Posted to user@spark.apache.org by Philip Ogren <ph...@oracle.com> on 2014/04/14 17:24:15 UTC

RDD.tail()

Has there been any thought to adding a tail() method to RDD?  It would 
be really handy to skip over the first item in an RDD when it contains 
header information.  Even better would be a drop(int) function that 
would allow you to skip over several lines of header information.  Our 
attempts to do something equivalent with a filter() call seem a bit 
contorted.  Any thoughts?

Thanks,
Philip

Re: RDD.tail()

Posted by Matei Zaharia <ma...@gmail.com>.

You can use mapPartitionsWithIndex and look at the partition index (0 will be the first partition) to decide whether to skip the first line.

Matei

On Apr 14, 2014, at 8:50 AM, Ethan Jewett <es...@gmail.com> wrote:

> We have similar needs but IIRC, I came to the conclusion that this would only work on ordered RDDs, and then you would still have to figure out which partition is the first one. I ended up deciding it would be best to just drop the header lines from a Scala iterator before creating an RDD based on it. Not sure if this was the "right" thing to do, but would that work for you?
> 
> Regards,
> Ethan
> 
> 
> On Mon, Apr 14, 2014 at 10:24 AM, Philip Ogren <ph...@oracle.com> wrote:
> Has there been any thought to adding a tail() method to RDD?  It would be really handy to skip over the first item in an RDD when it contains header information.  Even better would be a drop(int) function that would allow you to skip over several lines of header information.  Our attempts to do something equivalent with a filter() call seem a bit contorted.  Any thoughts?
> 
> Thanks,
> Philip
>

Re: RDD.tail()

Posted by Ethan Jewett <es...@gmail.com>.

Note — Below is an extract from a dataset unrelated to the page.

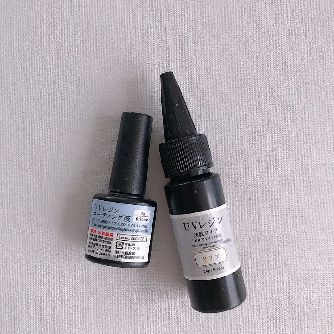 ツヤっとさせたいので、ニスを塗るのでも大丈夫なのですが、今回はレジンを塗って硬化しました。レジンもDAISOで購入したこちらを使いました!

We have similar needs but IIRC, I came to the conclusion that this would
only work on ordered RDDs, and then you would still have to figure out
which partition is the first one. I ended up deciding it would be best to
just drop the header lines from a Scala iterator before creating an RDD
based on it. Not sure if this was the "right" thing to do, but would that
work for you?

Regards,
Ethan

On Mon, Apr 14, 2014 at 10:24 AM, Philip Ogren <ph...@oracle.com>wrote:

> Has there been any thought to adding a tail() method to RDD?  It would be
> really handy to skip over the first item in an RDD when it contains header
> information.  Even better would be a drop(int) function that would allow
> you to skip over several lines of header information.  Our attempts to do
> something equivalent with a filter() call seem a bit contorted.  Any
> thoughts?
>
> Thanks,
> Philip
>